Getting Started

snikolayev edited this page Jan 3, 2018 · 3 revisions

This guide shows step by step how to install and use NRules rules engine.

Installing NRules

Create a new Visual studio project and install NRules package via Package Manager Console

PM> Install-Package NRules

Creating Domain Model

NRules is geared towards writing rules against a domain model, so we start by creating a simple one, which describes customers and orders. In this example we create this model in a separate Visual Studio project called Domain.

public class Customer
{
    public string Name { get; private set; }
    public bool IsPreferred { get; set; }

    public Customer(string name)
    {
        Name = name;
    }

    public void NotifyAboutDiscount()
    {
        Console.WriteLine("Customer {0} was notified about a discount", Name);
    }
}

public class Order
{
    public int Id { get; private set; }
    public Customer Customer { get; private set; }
    public int Quantity { get; private set; }
    public double UnitPrice { get; private set; }
    public double PercentDiscount { get; private set; }
    public bool IsDiscounted { get { return PercentDiscount > 0; } }

    public double Price
    {
        get { return UnitPrice*Quantity*(1.0 - PercentDiscount/100.0); }
    }

    public Order(int id, Customer customer, int quantity, double unitPrice)
    {
        Id = id;
        Customer = customer;
        Quantity = quantity;
        UnitPrice = unitPrice;
    }

    public void ApplyDiscount(double percentDiscount)
    {
        PercentDiscount = percentDiscount;
    }
}

Creating Rules

When using NRules internal DSL, a rule is a class that inherits from NRules.Fluent.Dsl.Rule. A rule consists of a set of conditions (patterns that match facts in the rules engine's memory) and a set of actions executed by the engine should the rule fire. In this sample, we create our rules in a separate Visual Studio project called Rules, which depends on the Domain model project.

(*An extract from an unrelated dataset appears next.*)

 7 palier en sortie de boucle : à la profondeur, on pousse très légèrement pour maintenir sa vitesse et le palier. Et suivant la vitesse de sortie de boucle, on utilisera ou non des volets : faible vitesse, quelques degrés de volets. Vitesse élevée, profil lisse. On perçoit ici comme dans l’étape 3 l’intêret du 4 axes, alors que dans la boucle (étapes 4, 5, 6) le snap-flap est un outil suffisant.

Let's look at the first rule. We want to find all preferred customers, and for every matching customer we want to collect all orders and apply a discount of 10%. Each pattern in the When part of the rule is bound to a variable via an expression, and then can be used in the Then part of the rule. Also note that if there is more than one pattern in the rule, the patterns must be joined to avoid a Cartesian Product between the matching facts. In this example the orders are joined with the customer.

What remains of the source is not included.